Data section:
= = = =
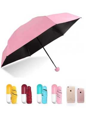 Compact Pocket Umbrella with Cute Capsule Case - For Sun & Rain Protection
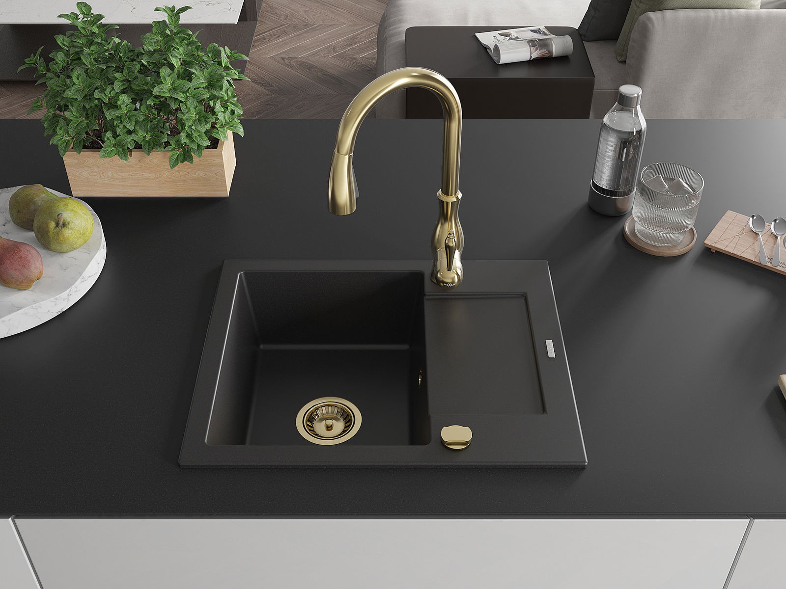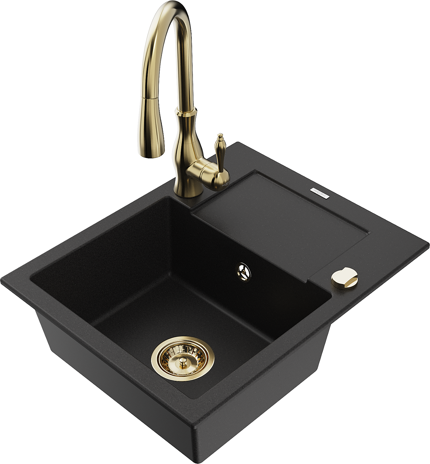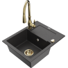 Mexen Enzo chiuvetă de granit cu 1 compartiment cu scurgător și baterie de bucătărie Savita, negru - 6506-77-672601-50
= = = =
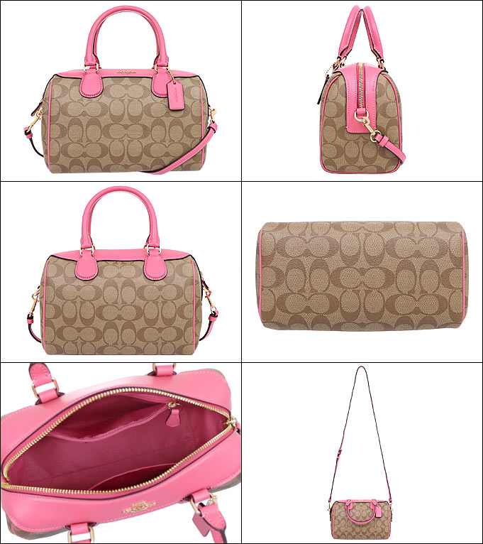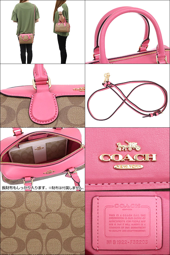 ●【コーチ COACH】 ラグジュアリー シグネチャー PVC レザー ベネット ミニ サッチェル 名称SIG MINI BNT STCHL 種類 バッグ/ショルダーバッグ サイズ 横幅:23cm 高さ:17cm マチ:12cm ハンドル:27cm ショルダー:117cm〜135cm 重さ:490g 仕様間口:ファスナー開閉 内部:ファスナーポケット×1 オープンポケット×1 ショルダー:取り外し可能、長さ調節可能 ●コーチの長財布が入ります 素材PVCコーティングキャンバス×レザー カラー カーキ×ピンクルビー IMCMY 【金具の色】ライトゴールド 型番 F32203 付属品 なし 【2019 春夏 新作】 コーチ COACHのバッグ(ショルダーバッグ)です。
= = = =
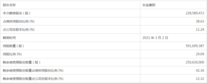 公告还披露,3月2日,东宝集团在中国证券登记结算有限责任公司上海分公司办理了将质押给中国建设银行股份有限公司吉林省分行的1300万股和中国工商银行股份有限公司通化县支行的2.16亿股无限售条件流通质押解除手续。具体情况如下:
= = = =
About this exercise: Please output, exactly as written, the lines above from the one holding "Compact Pocket Umbrella" through the one holding "Mexen Enzo chiuvetă", both included, with the pictures omitted.

Expected answer:
 Compact Pocket Umbrella with Cute Capsule Case - For Sun & Rain Protection
 Mexen Enzo chiuvetă de granit cu 1 compartiment cu scurgător și baterie de bucătărie Savita, negru - 6506-77-672601-50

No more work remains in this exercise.